Дворецкий растерялся: даже зная широкую натуру своей хозяйки, он никак не мог предположить, что она возьмется выплатить всю сумму целиком. Леди Лидьярд уловила его замешательство.
– Вам не все об этом деле известно, Моуди, – сказала она. – Видите ли, прочитав заметку о смерти мистера Толлмиджа, я решила проверить, точно ли они с моим мужем состояли в родстве. Среди бумаг его милости я нашла несколько писем от мистера Толлмиджа и выяснила, что он приходился лорду Лидьярду кузеном. Так вот, в одном из этих писем содержатся чрезвычайно неприятные, беспочвенные обвинения в мой адрес – вранье, одним словом! – Разволновавшись, ее милость по обыкновению позабыла о достоинстве. – Да, Моуди, вранье, за которое мистера Толлмиджа, безусловно, следовало высечь! И я высекла бы его собственными руками, кабы муж мне в свое время все рассказал! Впрочем, нет нужды возвращаться к этой теме, – продолжала она, снова перескакивая на лексикон великосветской дамы. – Несчастный был когда-то очень несправедлив ко мне, и меня неправильно поймут, начни я сейчас открыто помогать его семье. Напротив, представившись неизвестной доброжелательницей, я просто выручу вдову с детьми из беды и избавлю их от унизительного сбора пожертвований. Лорд Лидьярд, будь он жив, поступил бы, думаю, так же. Мой бювар вон на том столе, Моуди. Подайте-ка его сюда, покуда у меня не пропало желание отплатить за зло добром!

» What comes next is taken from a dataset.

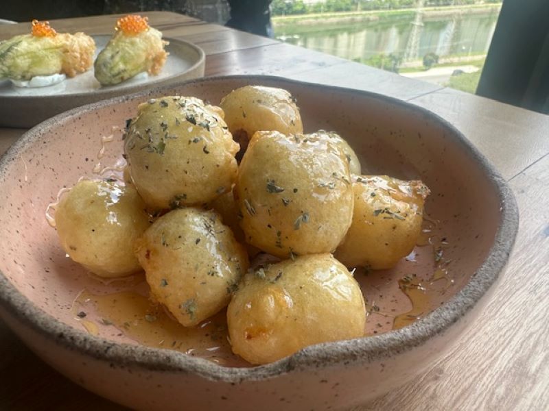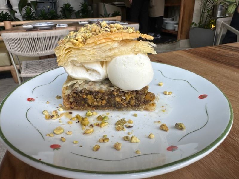 Na visita de almoço, a experiência começou com a entrada italiana Fiori di Zucca com caviar, delicada e fotogênica, seguida pelo toque grego do Feta Popcorn (saganaki) — queijo empanado que ganha contraste irresistível com o mel. O frescor seguiu no prato principal: Spaghetti al Limone e Gamberi, massa fresca que celebra a simplicidade e a delicadeza do limão siciliano. Para encerrar, a sobremesa trouxe o Mediterrâneo em sua forma mais doce: Baklava, torta de massa folhada com pistache e calda de flor de laranjeira, acompanhada de sorvete de iogurte.

Моуди без слов повиновался. Леди Лидьярд выписала чек.
– Ступайте к банкиру и принесите мне пятисотфунтовую банкноту – отправим ее священнику с письмом от «неизвестного друга». И поспешите, Моуди! Я все же не ангел во плоти – глядите, чтобы эта банкнота недолго дразнила меня своим видом!

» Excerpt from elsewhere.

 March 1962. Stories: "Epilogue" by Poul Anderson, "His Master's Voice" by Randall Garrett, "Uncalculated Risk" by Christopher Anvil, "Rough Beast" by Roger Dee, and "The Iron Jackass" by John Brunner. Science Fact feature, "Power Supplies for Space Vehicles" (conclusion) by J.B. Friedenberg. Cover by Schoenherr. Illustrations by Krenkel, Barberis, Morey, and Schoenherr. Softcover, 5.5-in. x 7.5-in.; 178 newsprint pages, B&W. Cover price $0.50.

С чеком в руке Моуди вышел из комнаты. Банк находился рядом, на улице Святого Иакова, и дворецкий должен был обернуться за несколько минут. Оставшись одна, леди Лидьярд решила заняться благородным делом составления анонимного послания к священнику. Но только она достала из бювара чистый лист бумаги, как в дверях появился слуга с докладом:
– Мистер Феликс Суитсэр!
– Ну здравствуй, племянничек! – удивленно, но без особого радушия в голосе воскликнула леди Лидьярд. – Давненько ты к нам не жаловал! Сколько уж лет прошло? – все так же нелюбезно продолжала она, пока мистер Феликс Суитсэр подходил к ее письменному столу.
Однако смутить гостя было нелегко. Приблизившись, он галантно склонился над тетушкиной ручкой. Легкая насмешливость его тона сглаживалась милейшею шаловливой улыбкою.
– Помилуйте, дорогая тетушка, каких лет! – возразил он. – Взгляните на себя в зеркало и убедитесь: время стояло на месте, покуда мы с вами не виделись. Выглядите превосходно! Когда же мы наконец отпразднуем появление вашей первой морщинки? Впрочем, сам я слишком стар и не доживу до этого дня.
Усевшись без приглашения в кресло поближе к леди Лидьярд, он с насмешливым восхищением осмотрел ее несуразный наряд.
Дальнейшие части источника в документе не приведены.